*** GIVEN DATA ***
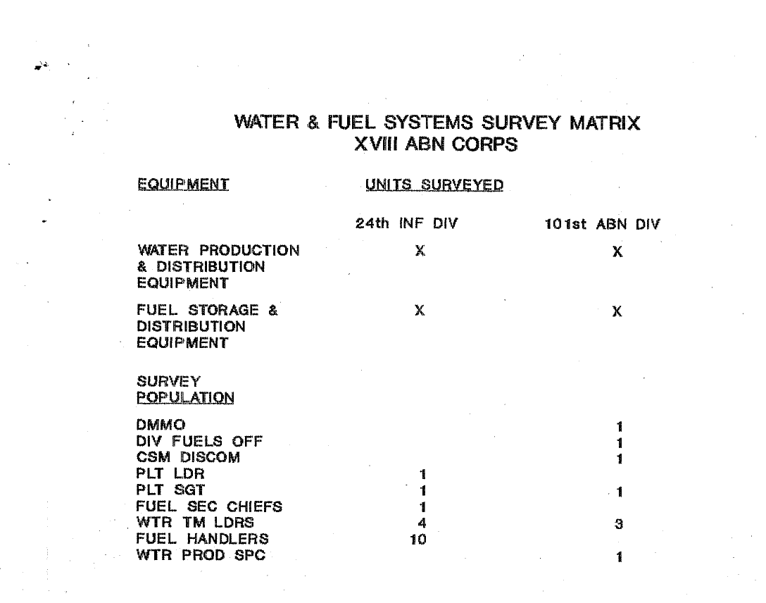 Subject = WATER AND FUEL SYSTEMS SURVEY MATRIX XVIII ABN CORPS
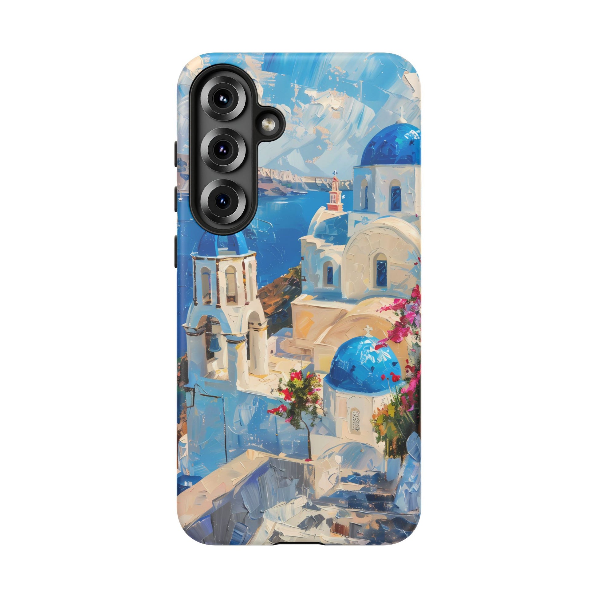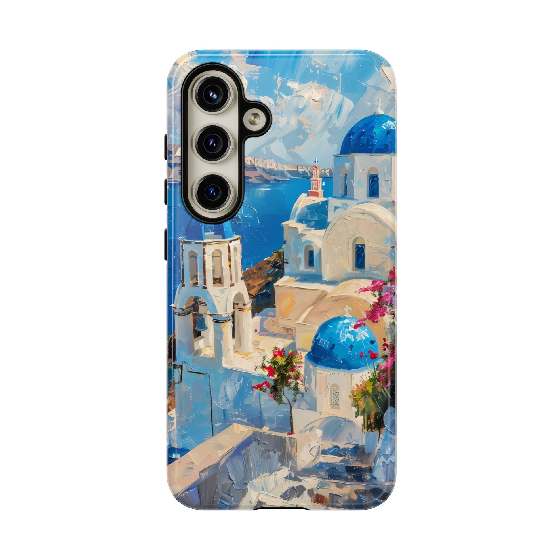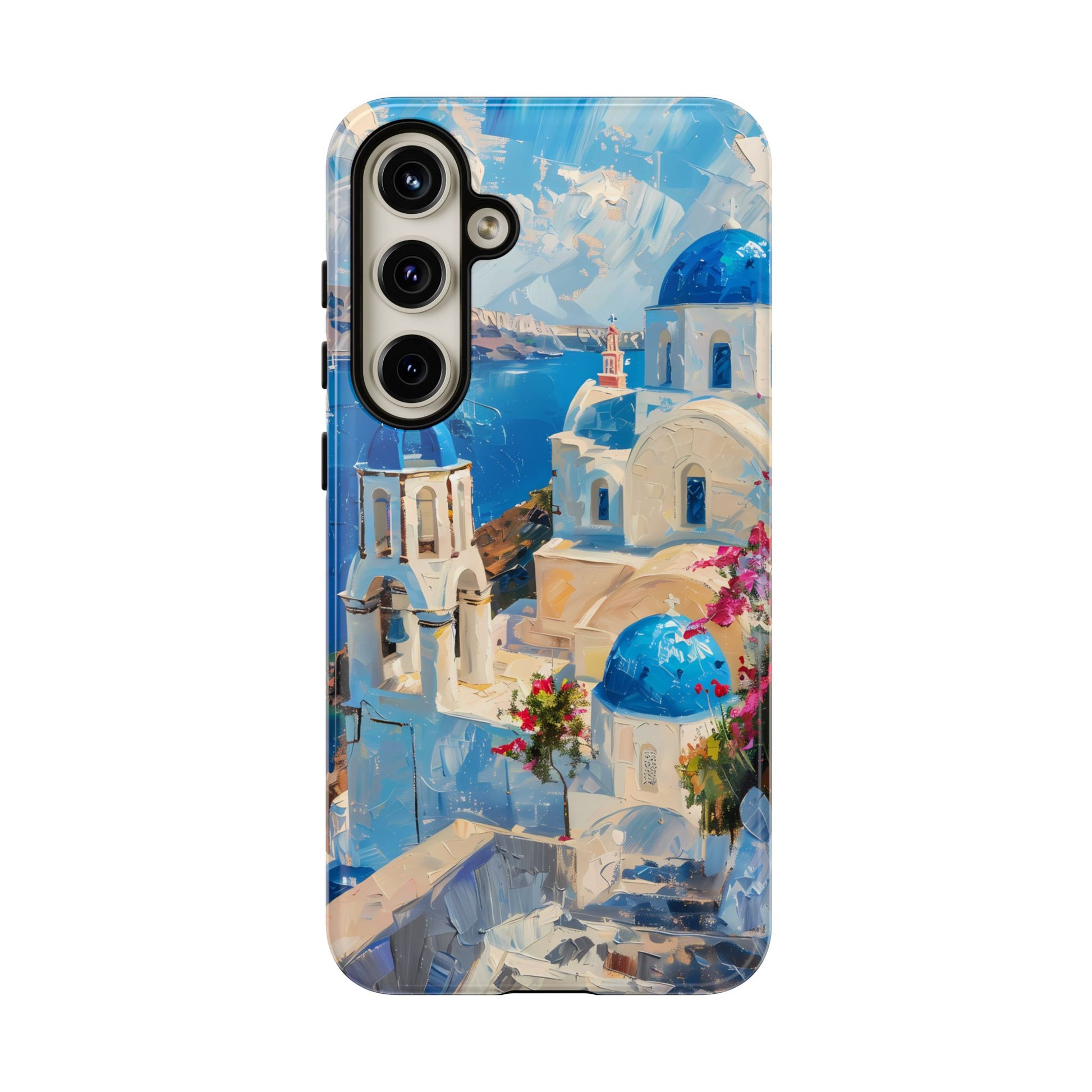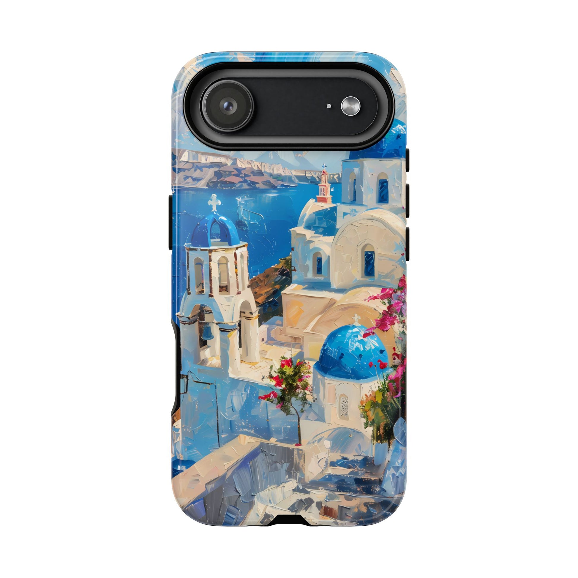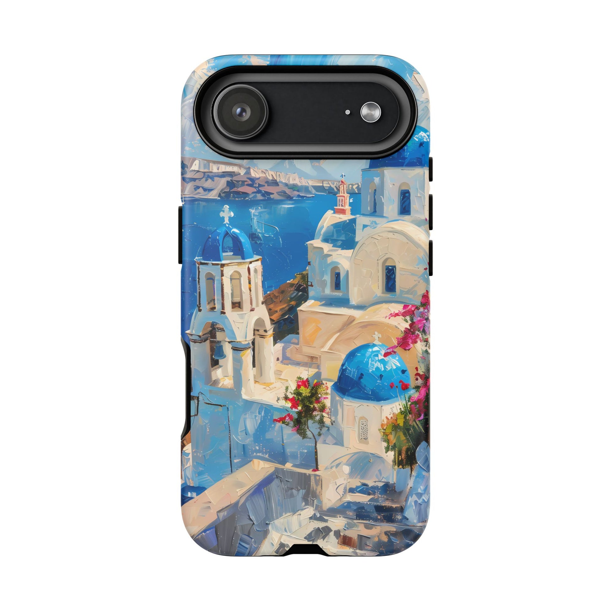 Celebrate the enchanting views of Santorini with this phone cover that features the iconic white-washed buildings and blue domes overlooking the Aegean Sea. The design’s soft pastel tones and serene composition make it a stylish accessory for anyone who loves the elegance of Mediterranean landscapes
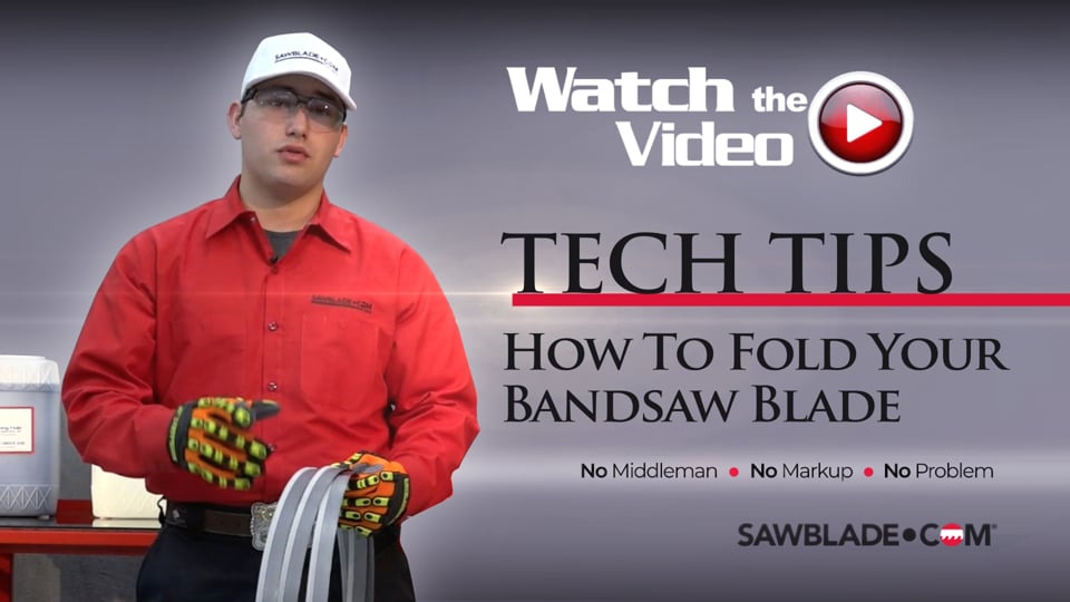 Coiling and uncoiling bandsaw blades need to be done safely and correctly. Here is a simple step-by-step video to show you "proper blade folding and unfolding". Always remember to wear gloves and eye protection when handling blades, in addition to keeping others at a safe distance when coiling or moving blades
*** End of GIVEN DATA ***
• [EXERCISE OBJECTIVE]: Retype all the data exactly. Omit pictures.

• [RESPONSE AREA]:
 Subject = WATER AND FUEL SYSTEMS SURVEY MATRIX XVIII ABN CORPS
 Celebrate the enchanting views of Santorini with this phone cover that features the iconic white-washed buildings and blue domes overlooking the Aegean Sea. The design’s soft pastel tones and serene composition make it a stylish accessory for anyone who loves the elegance of Mediterranean landscapes
 Coiling and uncoiling bandsaw blades need to be done safely and correctly. Here is a simple step-by-step video to show you "proper blade folding and unfolding". Always remember to wear gloves and eye protection when handling blades, in addition to keeping others at a safe distance when coiling or moving blades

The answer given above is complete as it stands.